Указав несостоятельность учения Толстого по всем частным пунктам и оценивая в общем все мировоззрение его, как целое, Нордау говорит следующее «Как философ, он (Толстой) проповедует нам, в виде понятий о мире и жизни, библейские тексты, постоянно противореча им и дико их толкуя. Как глашатай нравственности, он проводит теорию непротивления злу и преступлению, раздачи имуществ и уничтожения человеческого рода посредством воздержания. В своем учении об общественных и экономических отношениях он настаивает на вреде знания и целительной силе невежества, на упразднении промышленности и на благости земледельческого труда, не объясняя, откуда возьмет тогда крестьянин необходимые земледельческие орудия? Самое замечательное в его системе, что она не замечает своей собственной ненужности. Если бы она поняла себя, она ограничилась бы одной проповедью воздержания. Само собою ясно, что нет никакой надобности ломать голову над целью и смыслом человеческой жизни, над злом и любовью к ближнему, над жизнью в городе или в деревне, когда мы все исчезнем, вместе с современным поколением с лица земли.218

Чем же объяснить себе то, что Толстой, один из великих и даровитых писателей, мог составить мировоззрение полное противоречий здравому смыслу и явных нелепостей? На этот вопрос Нордау дает следующий ответ. «Истина в том, что все духовные особенности Толстого могут быть прекрасно объяснены известными и характерными чертами вырождающихся высшего порядка. Он сам рассказывает о себе: «Скептицизм довел меня, одно время до состояния близкого к сумасшествию. Мне казалось, что помимо меня никого и ничего нет в свете, что явления не суть явления, а представления о них, только тогда проявляющие себя, когда я обращаю на них внимание, и что они сейчас же исчезают, как только я перестаю о них думать... Бывали часы, когда, под влиянием упорно преследующей меня мысли, я доходил до душевного расстройства, и кидался в противоположную сторону, в единственном расчете, что там я встречу что-либо меня поражающее». В своей Исповеди «он говорит следующее: «Я чувствовал, что я не со всем здоров душевно». Это чувство не обманывало его. Он страдал маниею сомнения и «умствования», в той форме, как это наблюдалось на многих вырождающихся высшего порядка»... Особенностию указанной болезни является страсть к противоречиям и склонность к самостоятельным во что бы то ни стало взглядом. Один из лучших клиницистов, Солье, называет последнюю особенность характерною чертою выраждающихся. У Толстого она выступает в известные моменты очень ярко. «В стремлении быть самостоятельным, сообщает его биограф Левенфельд, – Толстой часто оскорбляет требования эстетики, сражаясь с установившимися авторитетами только потому, что они давно установились. Так, он называет Шекспира дюжинным писакою, и утверждает, что восторги перед великим британцем объясняются ничем другим, как нашею привычкою повторять чужие взгляды, не продумав их»219.

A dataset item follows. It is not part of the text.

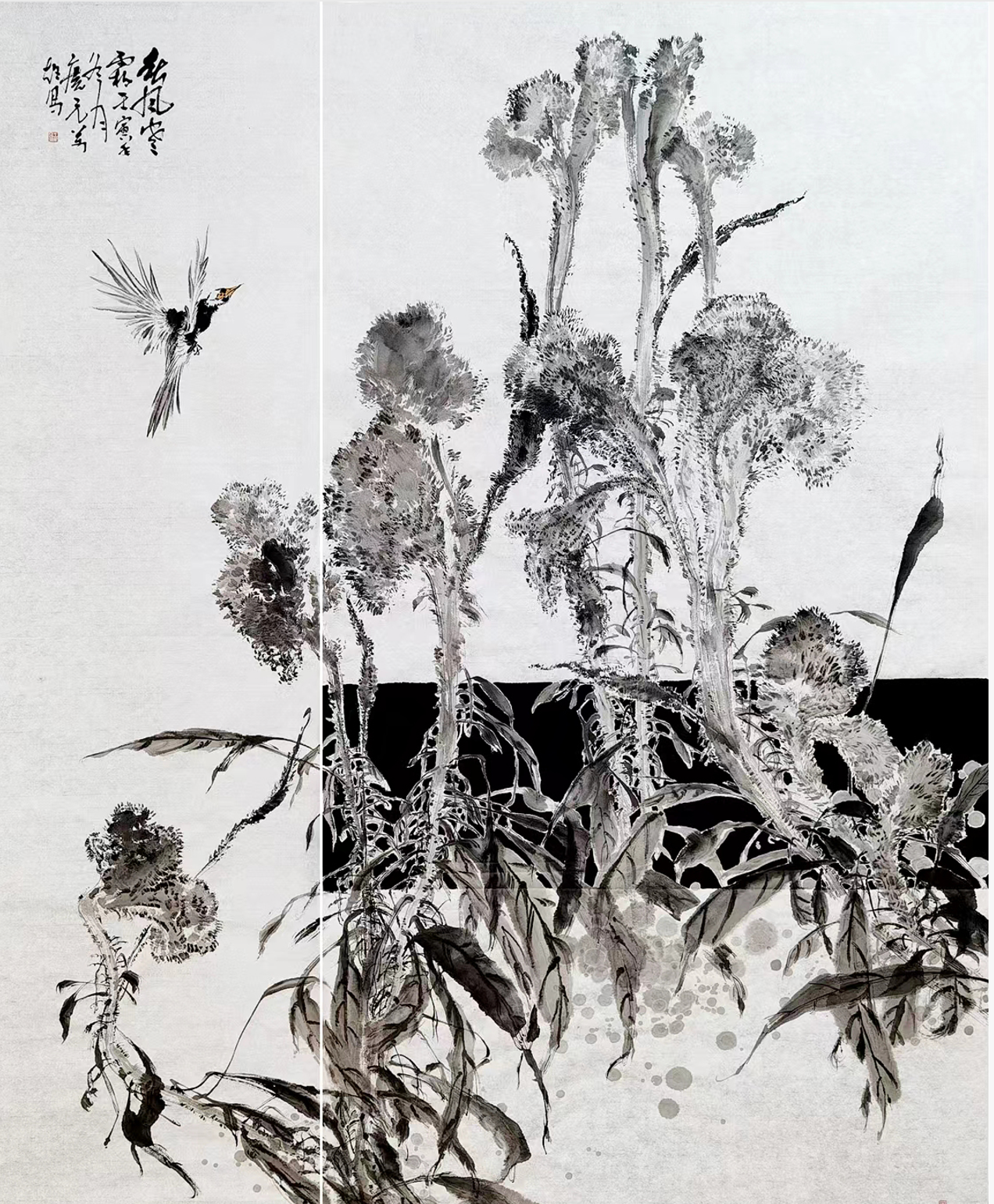 畫家王萬(wàn)超筆下花鳥既具傳統(tǒng)文人畫的雅韻,又融入當(dāng)代青年的蓬勃朝氣。借濃淡干濕的墨色變化,將自然生機(jī)與個(gè)人心象融合。

Далее Нордау рассматривает снова суждения Толстого о разных предметах, указывая признаки его умственной ненормальности и душевного расстройства, ложного направления рассудочной деятельности.

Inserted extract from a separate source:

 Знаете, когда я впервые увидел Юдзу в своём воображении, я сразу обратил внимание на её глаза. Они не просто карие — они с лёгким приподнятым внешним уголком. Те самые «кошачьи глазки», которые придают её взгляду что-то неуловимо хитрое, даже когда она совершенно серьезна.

Увлечение идеями Толстого Нордау также признает явлением ненормальным и даже патологическим. Вот что он говорит по этому поводу. «В мировой известности Толстого замечательный художественный талант, без сомнения, играет большую, но далеко не главную роль. Приверженцев завоевали ему не лучшие и значительнейшие художественные его произведения, а более поздние мистические (?) работы. Его влияние покоится не на эстетических, а на патологических основах. Толстой стал бы неизвестным учителем веры, как какой-нибудь Кнудсен семнадцатого века, если бы сумасбродство вырождающегося мистика не встретило подготовленных к восприятию его современников. Принявшая эпидемический характер истерия подготовила почву толстоизму, и он дал пышный цвет. Что возникновение и распространение последнего покоится не на внутреннем содержании произведений Толстого, а на душевном строе читателей, видно из того, как эта система воспринимается различно в каждой стране... В Англии горячие сочувствия встретила брачная теория Толстого; экономический строй страны осуждает на безбрачие громадное число девушек образованного класса. Эти жалкие существа находят себе утешение и черпают бодрость духа для одинокой и бессодержательной жизни в учении, превозносящем целомудрие, как высшее достояние и высшее благо человека. «Крейцерова соната» сделалась евангелием старых дев Англии. Во Франции любят Толстого больше за то, что он выбрасывает за окно науку, осуждает правящие классы, проповедует бедность и веру (?); для неокатоликов и для мистиков из символистов это – целительный бальзам, и они создали из учения Толстого свой храм. В Германии теория воздержания «Крейцеровой сонаты», «Исповедь» и «Плоды просвещения» встречают мало сочувствия, но коммунистические теории и болезненная любовь к ближнему создали Толстому горячих поклонников. Все слабые немецкие головы, не желающие знать науки, все истеричные и больные, чувствуют невольные симпатии к сладковатому социализму, проповедующему курицу в супе для пролетария и описывающему жизнь в больших городах в чувствительных романах и мелодрамах. Для них Толстой – живой источник экономических и нравственных законов»220.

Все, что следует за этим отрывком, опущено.